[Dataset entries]

%%

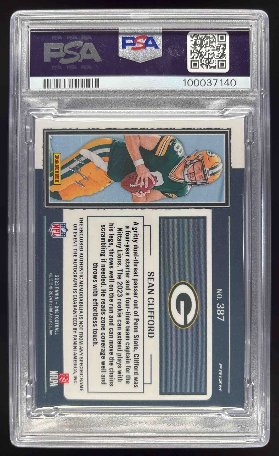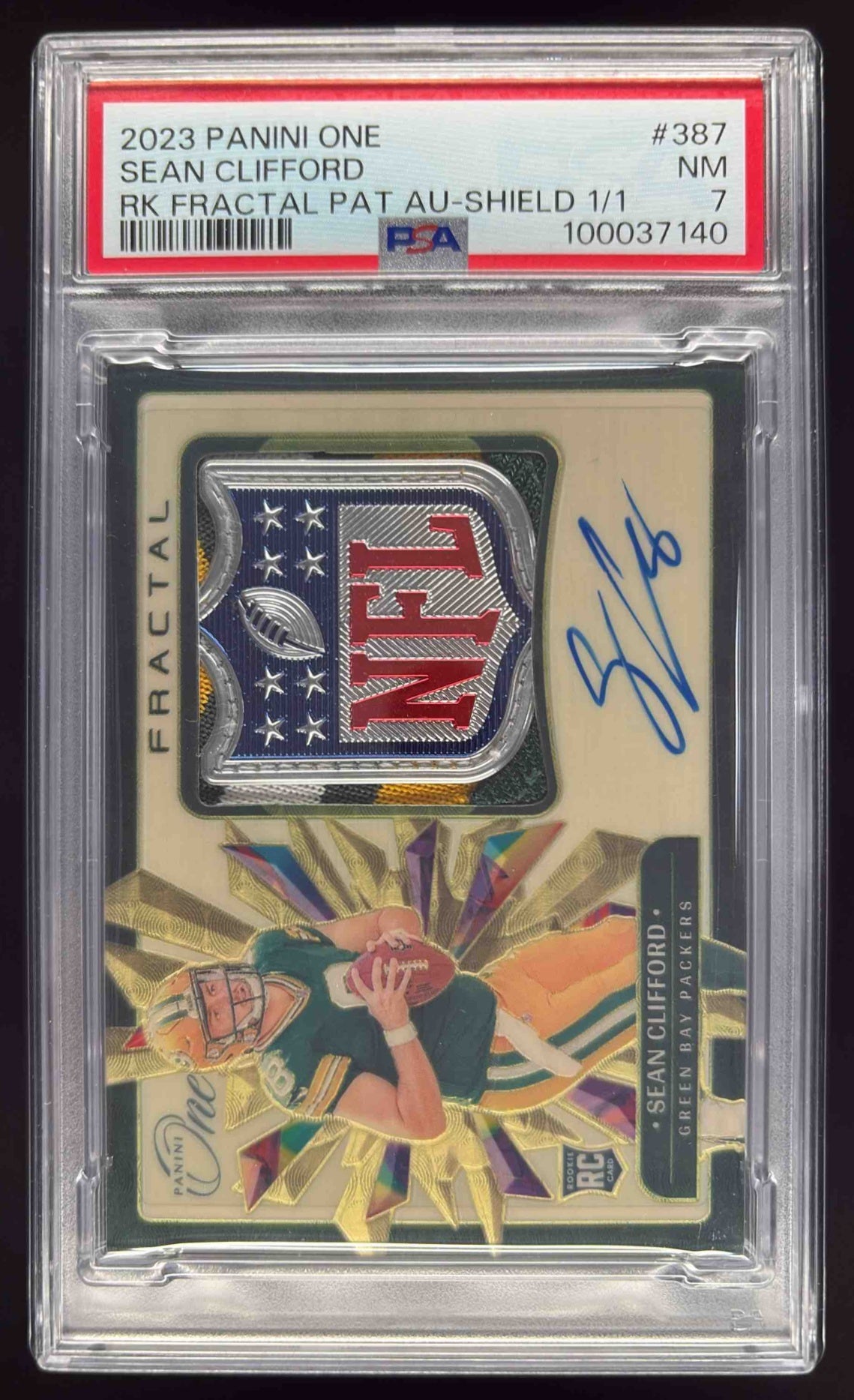 2023 Panini One NFL Shield #387 Sean Clifford RC Rookie Patch Auto 1/1 PSA 7
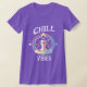Frau meditiert Grafik mit Text, "Chill Vibes" entspannend, aufgeklärtes Gefühl.
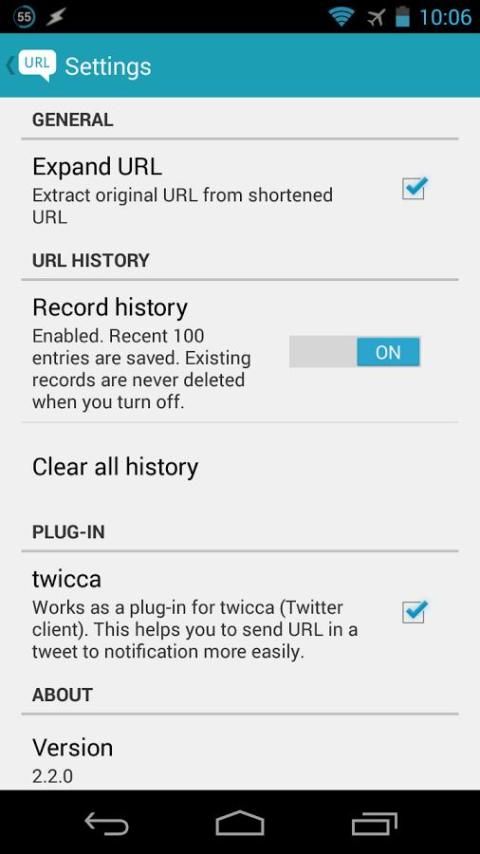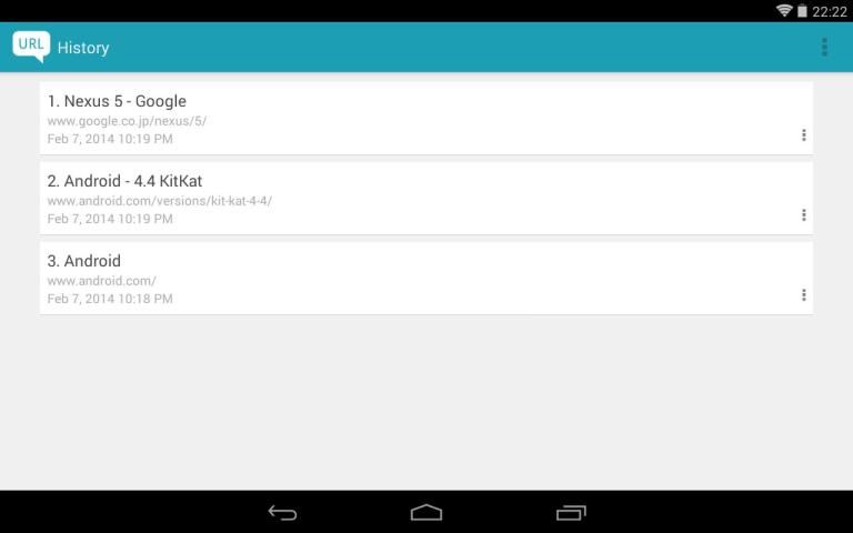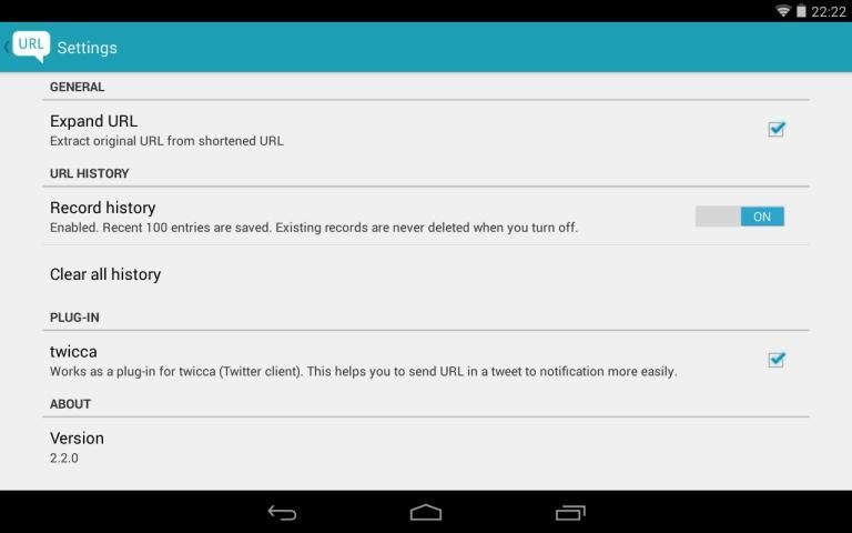 هذا التطبيق يمكن أن تسجل أرسلت URL إلى لوحة الإخطار. يتم حفظ 100 إدخالات الأخيرة. لاستخدامها، تحتاج لتفعيل هذه الدالة من الإعدادات.
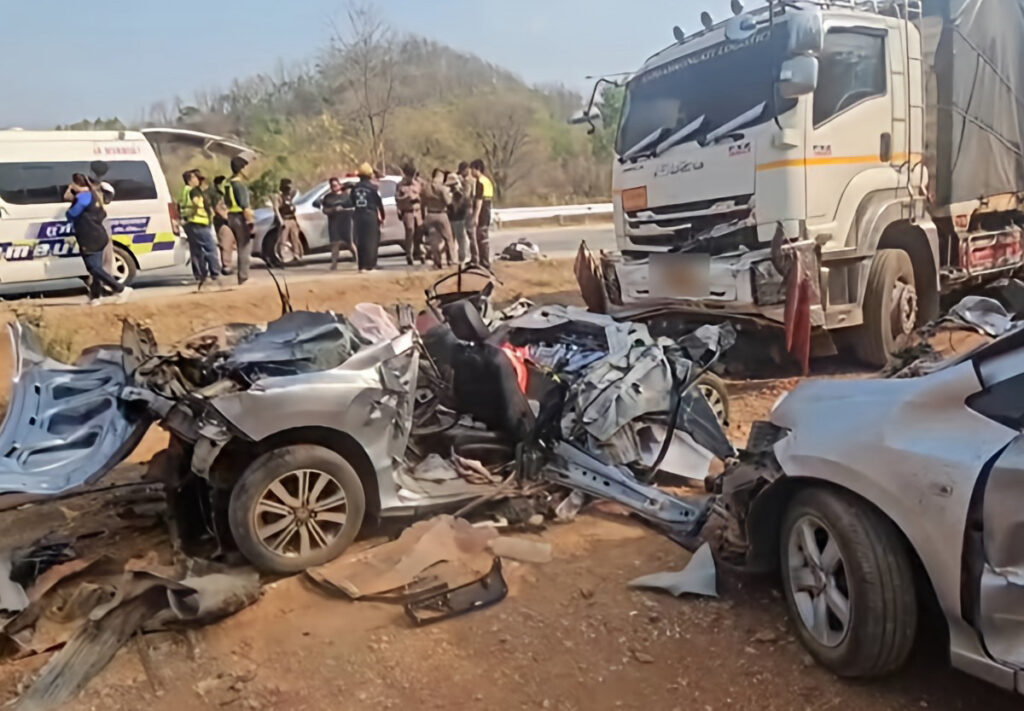 LAMPANG: Wat begon als een leuke weekend tripje veranderde afgelopen zaterdag in een tragedie op de Phahonyothinweg, tussen Tak en Lampang, bij de ingang van Mae Wa National Park. Een vrachtwagen, geladen met sanitair, kon niet op tijd remmen bij stilstaand verkeer door wegwerkzaamheden en reed in op een rij auto’s. Zeker negen voertuigen raakten beschadigd.
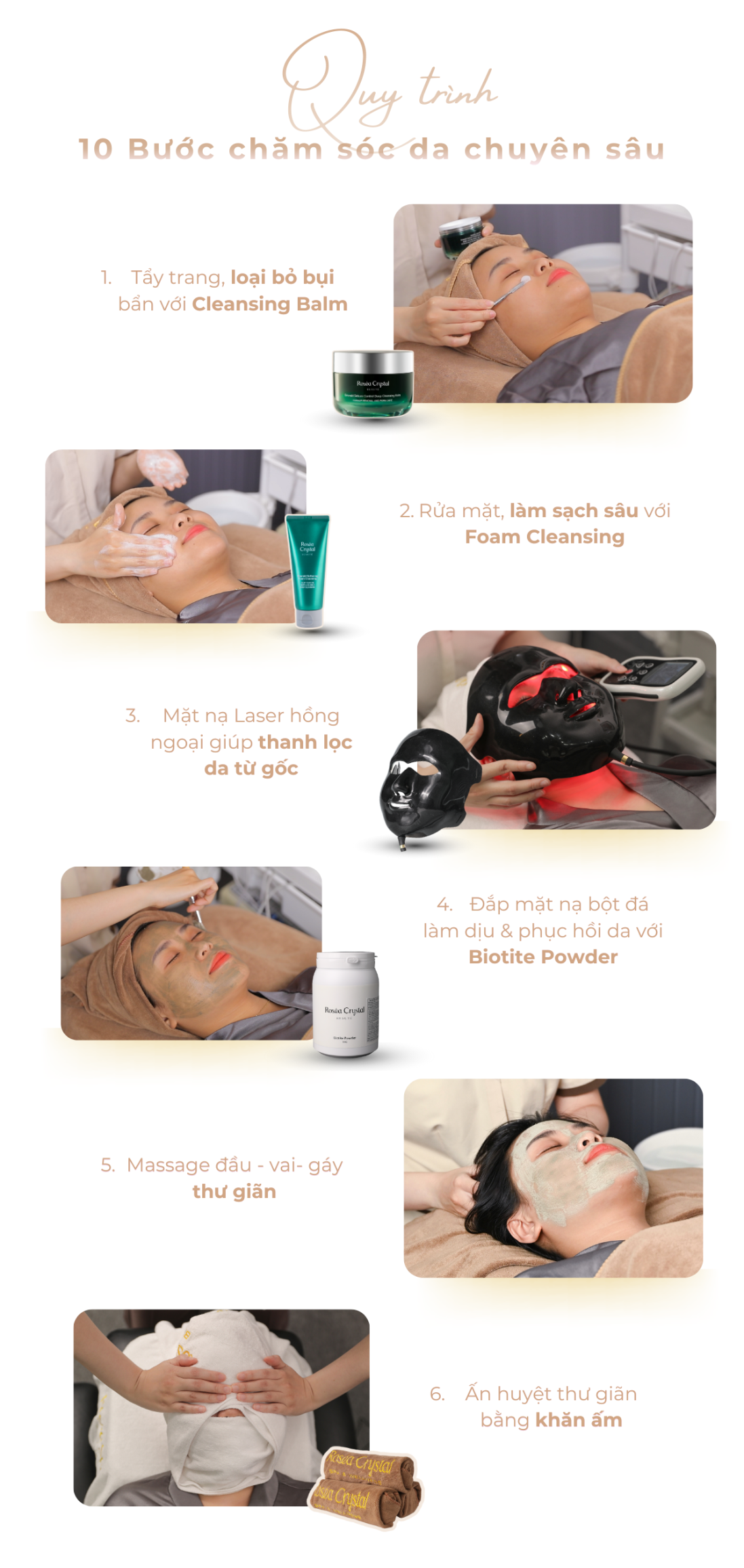 Rosea Crystal với hệ thống chăm sóc sắc đẹp toàn diện với gần 40 chi nhánh trên toàn quốc, mang đến các liệu trình được xây dựng theo tiêu chuẩn chuyên nghiệp. Kết hợp đội ngũ nhân sự được đào tạo bài bản, công nghệ hiện đại và sản phẩm cao cấp sản xuất tại Hàn Quốc trong không gian trang nhã, Rosea Crystal sẵn sàng đồng hành cùng bạn trên hành trình chăm sóc và nâng niu làn da.
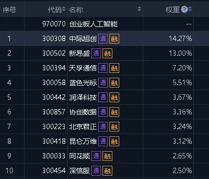 配置:创业板人工智能(970070)+ SHS 人工智能 50(931487)。
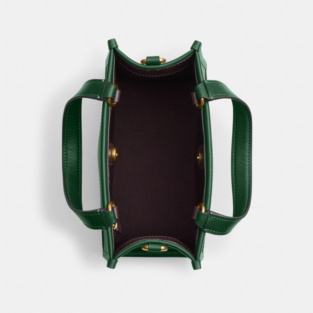 | Refined calf leather | Inside zip and multifunction pockets | Snap closure, fabric lining | Handles with 4 1/4" drop | Detachable strap with 22 1/2" drop for shoulder or crossbody wear | Four protective feet at base | 8 3/4" (L) x 7 3/4" (H) x 4 1/4" (W) | Disney x Coach | ©Disney|Style No. CM844|
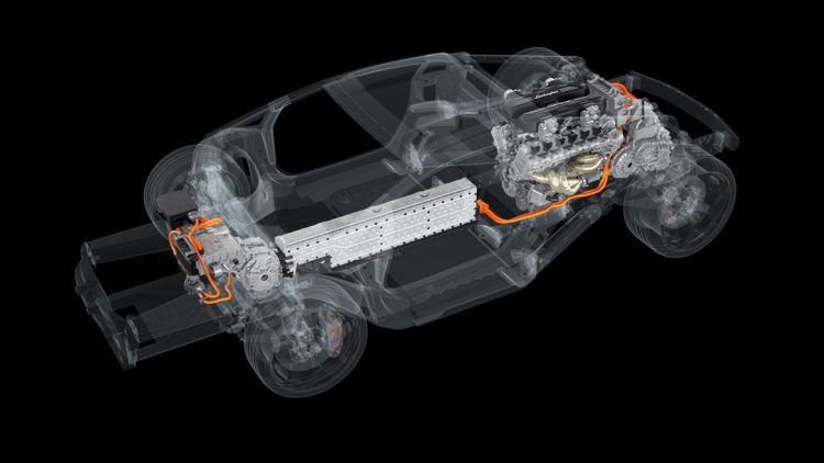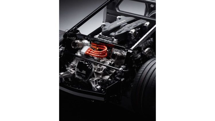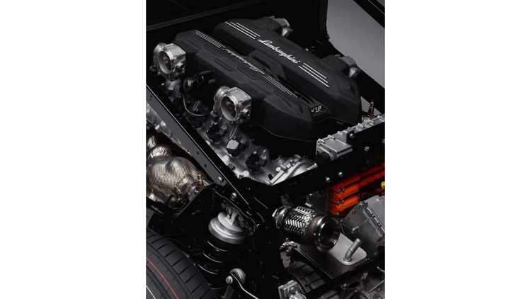 The car showcases an unprecedented layout: the naturally-aspirated 6.5-liter V12 mid-mounted engine is complemented by three electric motors, one of which is integrated into the new double-clutch eight-speed gearbox. This is mounted transversely and placed for the first time behind the combustion engine. In what has been the transmission tunnel since the days of the Countach, there is a lithium-ion battery instead, which powers the electric motors.
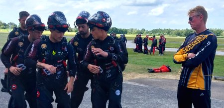 Gary Smith said that Airspeed's impressive start into the competition with the sole highscore in Round 1 was probably a coincidence and a typical Round 1 situation. Each team has favorite blocks and sequences that happen to fall in place to Airspeed's liking in the first round of the competition. The reality of a new lineup and the well trained Golden Knights 4-way team in their third year caught up with the home team quickly. The U.S. Army team took the lead over Airspeed in Round 3, then never looked back. Gary Smith said that NMP PCH HayaBusa were especially impressed with the Golden Knights in Round 5, and he added several points to his own evaluation that is now available for the interested audience.
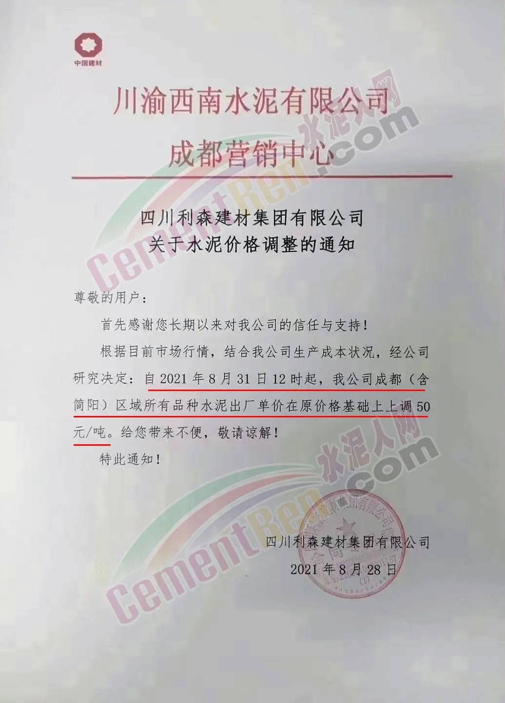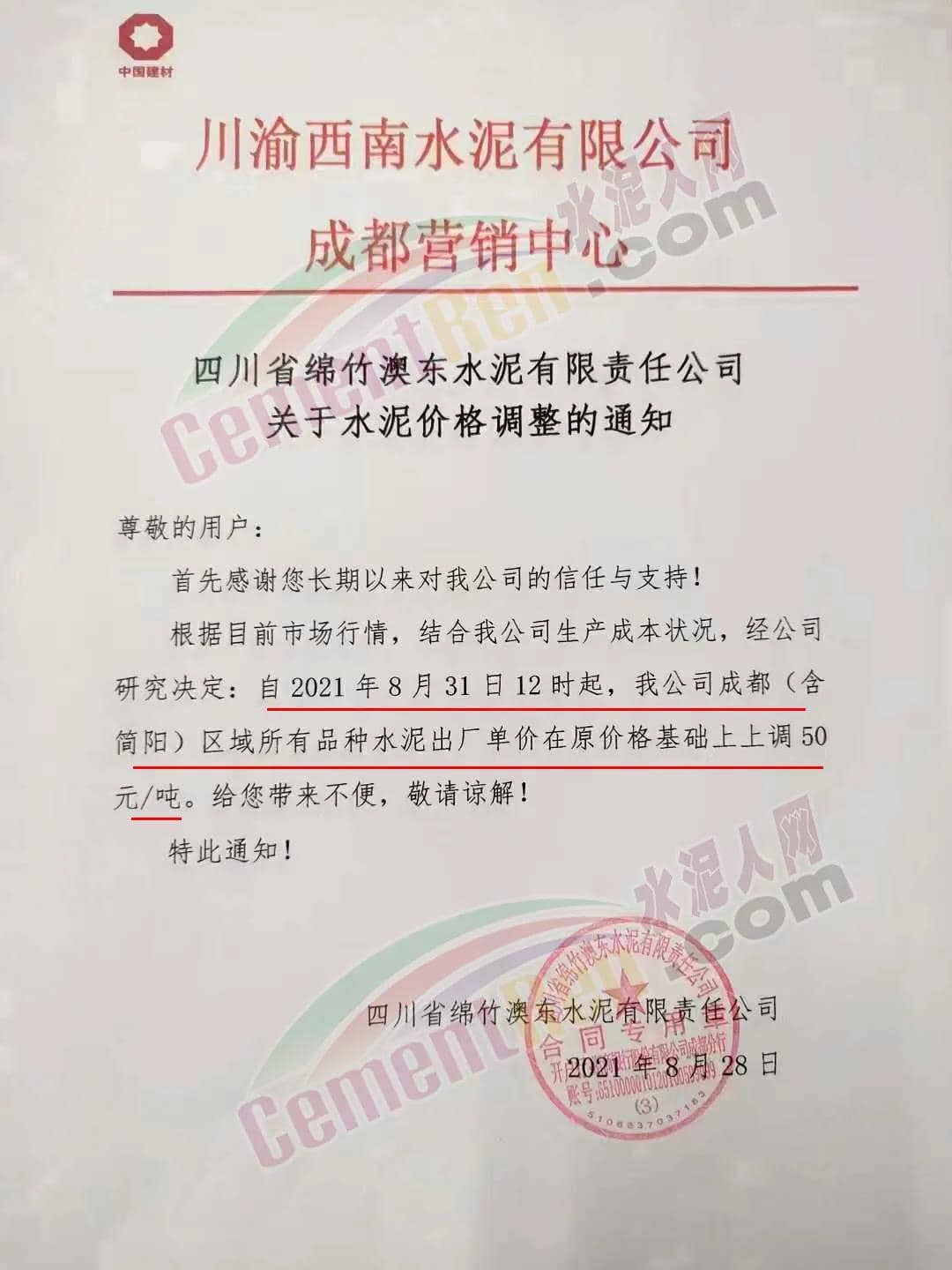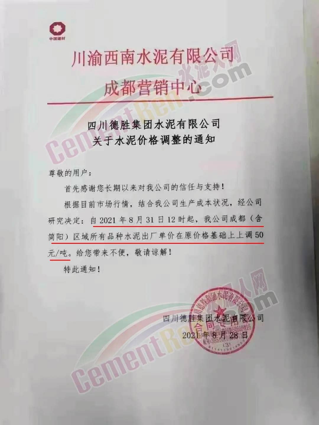 安县中联水泥、崇州西南水泥、四川德胜集团、峨眉山西南水泥、四川利森集团、绵竹澳东水泥、女娲建材等通知称,根据目前市场行情 ,结合公司生产成本状态,经公司研究决定自8月31日12时起,成都(含简阳)区域所有品牌水泥出厂单价在原价基础上上调50元/吨。

%%

THE PROBLEM:
Retype every entry exactly as written, but omit the pictures.

TASK SOLUTION:
 2023 Panini One NFL Shield #387 Sean Clifford RC Rookie Patch Auto 1/1 PSA 7
Frau meditiert Grafik mit Text, "Chill Vibes" entspannend, aufgeklärtes Gefühl.
 هذا التطبيق يمكن أن تسجل أرسلت URL إلى لوحة الإخطار. يتم حفظ 100 إدخالات الأخيرة. لاستخدامها، تحتاج لتفعيل هذه الدالة من الإعدادات.
 LAMPANG: Wat begon als een leuke weekend tripje veranderde afgelopen zaterdag in een tragedie op de Phahonyothinweg, tussen Tak en Lampang, bij de ingang van Mae Wa National Park. Een vrachtwagen, geladen met sanitair, kon niet op tijd remmen bij stilstaand verkeer door wegwerkzaamheden en reed in op een rij auto’s. Zeker negen voertuigen raakten beschadigd.
 Rosea Crystal với hệ thống chăm sóc sắc đẹp toàn diện với gần 40 chi nhánh trên toàn quốc, mang đến các liệu trình được xây dựng theo tiêu chuẩn chuyên nghiệp. Kết hợp đội ngũ nhân sự được đào tạo bài bản, công nghệ hiện đại và sản phẩm cao cấp sản xuất tại Hàn Quốc trong không gian trang nhã, Rosea Crystal sẵn sàng đồng hành cùng bạn trên hành trình chăm sóc và nâng niu làn da.
 配置:创业板人工智能(970070)+ SHS 人工智能 50(931487)。
 | Refined calf leather | Inside zip and multifunction pockets | Snap closure, fabric lining | Handles with 4 1/4" drop | Detachable strap with 22 1/2" drop for shoulder or crossbody wear | Four protective feet at base | 8 3/4" (L) x 7 3/4" (H) x 4 1/4" (W) | Disney x Coach | ©Disney|Style No. CM844|
 The car showcases an unprecedented layout: the naturally-aspirated 6.5-liter V12 mid-mounted engine is complemented by three electric motors, one of which is integrated into the new double-clutch eight-speed gearbox. This is mounted transversely and placed for the first time behind the combustion engine. In what has been the transmission tunnel since the days of the Countach, there is a lithium-ion battery instead, which powers the electric motors.
 Gary Smith said that Airspeed's impressive start into the competition with the sole highscore in Round 1 was probably a coincidence and a typical Round 1 situation. Each team has favorite blocks and sequences that happen to fall in place to Airspeed's liking in the first round of the competition. The reality of a new lineup and the well trained Golden Knights 4-way team in their third year caught up with the home team quickly. The U.S. Army team took the lead over Airspeed in Round 3, then never looked back. Gary Smith said that NMP PCH HayaBusa were especially impressed with the Golden Knights in Round 5, and he added several points to his own evaluation that is now available for the interested audience.
 安县中联水泥、崇州西南水泥、四川德胜集团、峨眉山西南水泥、四川利森集团、绵竹澳东水泥、女娲建材等通知称,根据目前市场行情 ,结合公司生产成本状态,经公司研究决定自8月31日12时起,成都(含简阳)区域所有品牌水泥出厂单价在原价基础上上调50元/吨。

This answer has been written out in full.